Various factors can affect the price, including your home’s energy needs, location, choice of panels, and even federal tax incentives. Therefore, industry experts continue to search for more effective, sustainable, and accessible ways for us to harness solar energy at its highest potential. And that’s exactly what engineers at ETH Zurich, a public research university in Switzerland, have done.
The researchers developed a photovoltaic ceramic that can convert sunlight into energy 1000 times more efficiently than traditional solar panels. Using 3D-printing technology, they created a material that could provide several forms of clean energy.
It doesn’t stop at power generation
The photovoltaic ceramic developed at ETH Zurich comprises a perovskite structure, which is a metal-organic framework with a two-dimensional network. As the material absorbs natural light and generates an electrical charge, it allows the splitting of water molecules into hydrogen and oxygen.

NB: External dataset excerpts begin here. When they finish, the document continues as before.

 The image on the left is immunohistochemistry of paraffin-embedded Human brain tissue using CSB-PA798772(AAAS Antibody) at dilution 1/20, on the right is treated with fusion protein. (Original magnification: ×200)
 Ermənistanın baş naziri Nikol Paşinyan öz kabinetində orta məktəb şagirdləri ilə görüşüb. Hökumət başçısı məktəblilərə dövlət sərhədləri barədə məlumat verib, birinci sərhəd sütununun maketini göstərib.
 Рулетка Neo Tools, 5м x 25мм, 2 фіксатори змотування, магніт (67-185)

The hydrogen can then be stored as an energy carrier. Additionally, as the ceramic produces an electrical charge, it also stores chemical energy, which is an excellent alternative to fossil fuels. Regarding power generation, the material consists of two main components: aluminum oxide and perovskite nanoparticles or perovskites, which effectively absorb light.

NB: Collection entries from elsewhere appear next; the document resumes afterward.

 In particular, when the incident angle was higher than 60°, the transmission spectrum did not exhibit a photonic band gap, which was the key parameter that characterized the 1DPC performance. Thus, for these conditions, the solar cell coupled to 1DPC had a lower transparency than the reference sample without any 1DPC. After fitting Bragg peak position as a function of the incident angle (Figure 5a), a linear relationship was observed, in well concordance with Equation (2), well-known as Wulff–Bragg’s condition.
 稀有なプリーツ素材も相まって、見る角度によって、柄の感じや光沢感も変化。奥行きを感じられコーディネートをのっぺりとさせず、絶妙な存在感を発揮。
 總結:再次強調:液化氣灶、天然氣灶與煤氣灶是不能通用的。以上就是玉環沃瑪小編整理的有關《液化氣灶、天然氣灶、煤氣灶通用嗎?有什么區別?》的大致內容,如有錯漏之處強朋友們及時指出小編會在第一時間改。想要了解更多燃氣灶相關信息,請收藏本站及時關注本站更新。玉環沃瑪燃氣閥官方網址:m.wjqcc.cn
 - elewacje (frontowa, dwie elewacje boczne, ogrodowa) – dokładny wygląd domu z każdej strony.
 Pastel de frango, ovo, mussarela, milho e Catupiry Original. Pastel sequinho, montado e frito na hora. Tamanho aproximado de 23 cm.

However, while perovskites are generally lauded for their efficiency in light absorption, they are susceptible to heat, moisture, and mechanical stress. That’s where the aluminum oxide comes in, as the perovskites are embedded in this chemical compound, and therefore shielded from unwanted conditions.
When light hits the perovskites, the aluminum oxide acts as a pathway for the electrons generated by these nanoparticles to the surface of the ceramic, thereby producing an electrical current. The structure of this groundbreaking ceramic makes it viable for domestic consumption.
Synthetic fuels and state-of-the-art 3D printing to siphon more solar energy
While the ETH Zurich scientists have taken us a step further in the global energy transition with photovoltaic ceramic, they’ve been hard at work, developing more technology to harness natural resources and produce liquid fuels from sunlight and air. They demonstrated the process by exposing a solar reactor to concentrated sunlight from a parabolic mirror.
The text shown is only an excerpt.